Diese Erfolgserlebnisse stärken das Selbstvertrauen der Kinder und helfen ihnen, ihre Lernfortschritte selbst zu überprüfen. Indem das Kind die Verantwortung für diese Ziele übernimmt, wächst nicht nur das Gefühl der Selbstwirksamkeit, sondern auch die Motivation, die gesteckten Ziele zu erreichen.

Fehler als Lernchance nutzen

Ein wichtiger Schritt auf dem Weg zum selbstregulierten Lernen ist der Umgang mit Fehlern. In meiner Arbeit versuche ich, den Kindern zu vermitteln, dass Fehler keine Rückschläge sind, sondern wertvolle Gelegenheiten, um zu lernen und sich weiterzuentwickeln. Nach jeder Klassenarbeit oder Lernaufgabe nehmen wir uns Zeit, um die gemachten Fehler gemeinsam zu analysieren. Dabei geht es nicht nur darum, was falsch war, sondern vor allem darum, was das Kind daraus lernen kann.

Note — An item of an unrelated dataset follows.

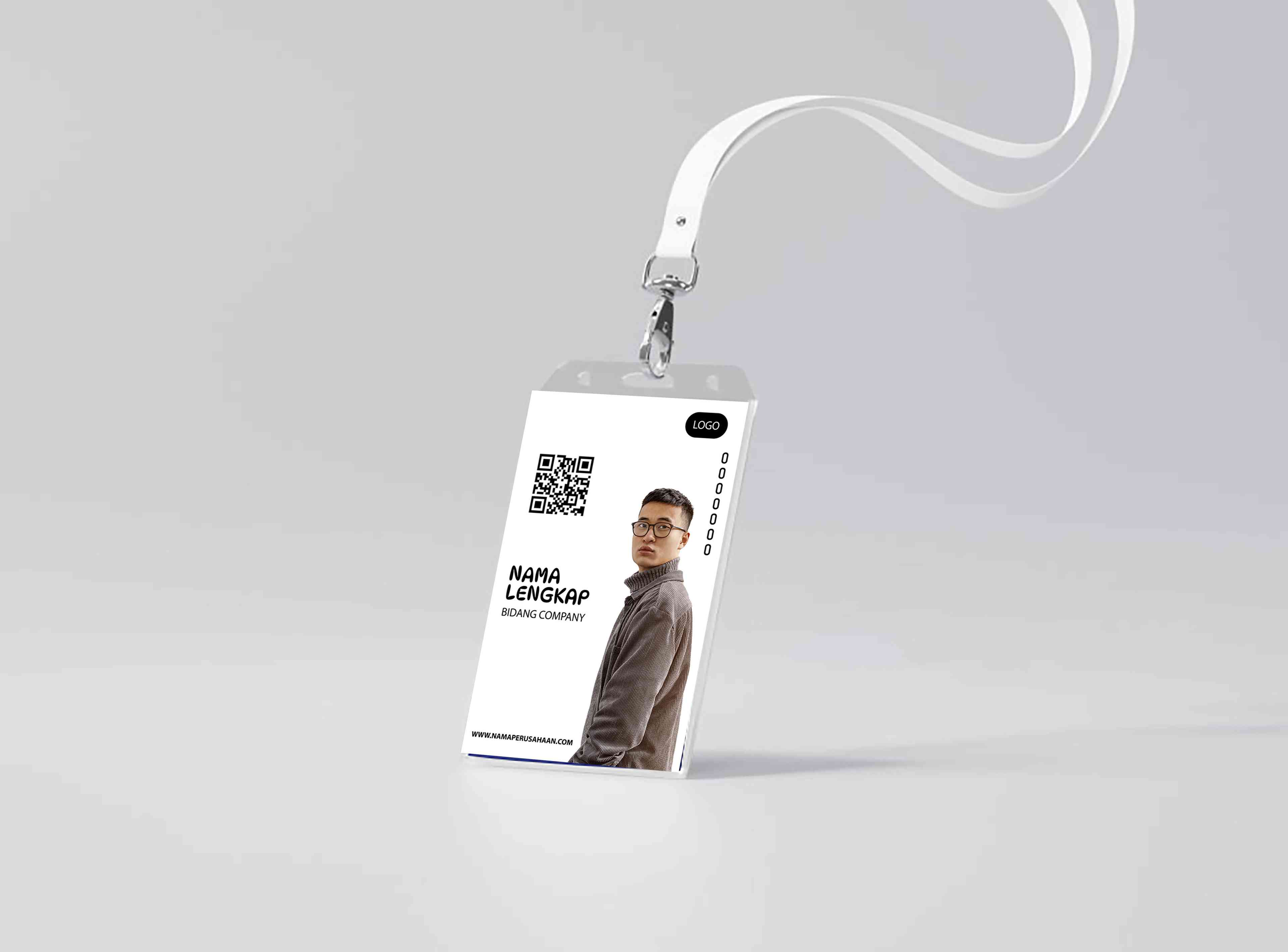 🖼️ Desain Visual:Tampilan Umum:Dua ID card dalam holder plastik bening, dipasang dengan tali lanyard hitam.Gaya ini sangat cocok untuk perusahaan ram...

Durch diesen Prozess lernen die Kinder, ihre eigenen Stärken und Schwächen zu erkennen und ihre Lernstrategien anzupassen. Diese Reflexion hilft ihnen, den Lernstoff langfristig zu verstehen und nicht nur kurzfristig für den nächsten Test zu lernen.

Flexibilität bei Lernmethoden

Nicht jedes Kind lernt auf dieselbe Weise. Manche Kinder brauchen visuelle Hilfsmittel, andere lernen besser durch Bewegung oder durch Wiederholung. In meiner Arbeit als Lerntherapeutin experimentiere ich mit verschiedenen Lernmethoden, um herauszufinden, welche für das jeweilige Kind am effektivsten sind. Dies kann das Verwenden von visuellen Lernkarten, Bewegungsspielen oder kreativen Erzählmethoden sein, um Lerninhalte zu veranschaulichen.

Indem die Kinder verschiedene Lernmethoden ausprobieren, entdecken sie, welche Lernstrategien für sie am besten funktionieren. Dies fördert nicht nur die Selbstständigkeit, sondern gibt ihnen auch die Fähigkeit, flexibel auf Herausforderungen zu reagieren und ihre Lernmethoden bei Bedarf anzupassen – eine Kernkompetenz des selbstregulierten Lernens.

Motivation durch kleine Erfolgserlebnisse

Ein zentraler Baustein des selbstregulierten Lernens ist die Selbstmotivation. Viele Kinder, insbesondere solche mit Lernschwierigkeiten, verlieren jedoch schnell die Motivation, wenn sie auf Hindernisse stoßen. Hier versuche ich, durch gezielte Maßnahmen kleine Erfolgserlebnisse zu schaffen, die das Selbstbewusstsein der Kinder stärken.

Bereits kleine Fortschritte, wie das richtige Schreiben schwieriger Wörter oder das Meistern einer neuen Rechenstrategie, können große Erfolge für die Kinder sein. Diese positiven Erlebnisse zeigen ihnen, dass sie in der Lage sind, Herausforderungen zu meistern, und fördern ihre Motivation, weiterhin eigenständig zu lernen.

Selbstreguliertes Lernen als Schlüssel für langfristigen Erfolg

Selbstreguliertes Lernen ist nicht nur eine wertvolle Kompetenz für den schulischen Erfolg, sondern auch für das Leben. Es hilft den Kindern, Verantwortung für ihren Lernprozess zu übernehmen, ihre Ziele zu verfolgen und dabei flexibel auf Herausforderungen zu reagieren. In einem Schulsystem, das häufig von Leistungsdruck und Wettbewerb geprägt ist, ist es umso wichtiger, den Kindern beizubringen, wie sie selbstständig lernen können.

In meiner Arbeit als Lerntherapeutin sehe ich es als meine Aufgabe, die Kinder dabei zu unterstützen, ihre eigenen Lernstrategien zu entwickeln und ihre Erfolge zu reflektieren. Nur so können sie lernen, dass das Lernen nicht nur für die Schule ist, sondern sie ein Leben lang begleiten wird.